# iso Snowrator



## grf_1000 (Sep 14, 2009)

Anyone selling a good working Snowrator with 48" plow, in Michigan? Don't really need to have a spreader or any other options.


----------



## BossPlow2010 (Sep 29, 2010)

Isn’t Weingartz have a couple still?


----------



## m_ice (Aug 12, 2012)

grf_1000 said:


> Anyone selling a good working Snowrator with 48" plow, in Michigan? Don't really need to have a spreader or any other options.

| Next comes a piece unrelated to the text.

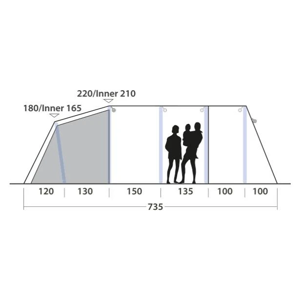 Das Outwell Wood Lake 6ATC Familienzelt ist ein riesiges Drei-Zonen-Luftzelt, dass deiner Familie problemlos Platz in eurem Urlaub bietet. Es ist dank des Rigid Air Systems innerhalb weniger Minuten aufgebaut und genauso schnell wieder abgebaut. Das robuste, technische Baumwoll-Mischgewebe sorgt mit seiner Atmungsaktivität für ein angenehmes Raumklima in warmen Sommern, aber auch an kälteren Tagen. Das Outwell Wood Lake 6ATC ist in einen Schlafbereich, einen Wohn- und einen sogenannten Nassbereich aufgeteilt. Der der Vorraum des Zeltes hat einen herausnehmbaren Boden. Wenn der Boden herausgenommen wird, schaffst du einen Nassbereich. Lässt du den Boden eingelegt, so erweiterst du deinen Wohnraum. Der Vorraum eignet sich ideal dazu, eine Küche aufzustellen, denn hier kannst du bei Wind und Wetter geschützt kochen. Die Tür lässt sich komplett öffnen, so dass du einen tollen Panoramablick genießen kannst.

If your willing to travel there's an original orange snorator for sale in Bloomington, IL


----------



## Ajlawn1 (Aug 20, 2009)

m_ice said:


> If your willing to travel there's an original orange snorator for sale in Bloomington, IL


And South Bend...


----------



## m_ice (Aug 12, 2012)

https://www.facebook.com/marketplace/item/2574048072897747/


----------



## m_ice (Aug 12, 2012)

Ajlawn1 said:


> And South Bend...


That's nice


----------



## Ajlawn1 (Aug 20, 2009)

m_ice said:


> https://www.facebook.com/marketplace/item/2574048072897747/


Hey it's in Normal... Lol! He upgraded to a Ventrac....


----------



## m_ice (Aug 12, 2012)

Ajlawn1 said:


> Hey it's in Normal...


Same difference


----------



## Mark Oomkes (Dec 10, 2000)

Ajlawn1 said:


> Hey it's in Normal... Lol! He upgraded to a Ventrac....


He'll likely be sorry.


----------



## Mr.Markus (Jan 7, 2010)

that ones no good it’s only for summer use...


----------



## grf_1000 (Sep 14, 2009)

i have no use for one during the summer. Thats why i was looking for a good used one.


----------



## fireball (Jan 9, 2000)

All snow removal equipment works great in August


----------



## Firstgreen (Feb 18, 2021)

grf_1000 said:


> Anyone selling a good working Snowrator with 48" plow, in Michigan? Don't really need to have a spreader or any other options.


Have one in Franklin park I'll


----------



## grf_1000 (Sep 14, 2009)

i am still looking for another Snowrator in good condtion.


----------



## grf_1000 (Sep 14, 2009)

Found one, can delete this thread.


----------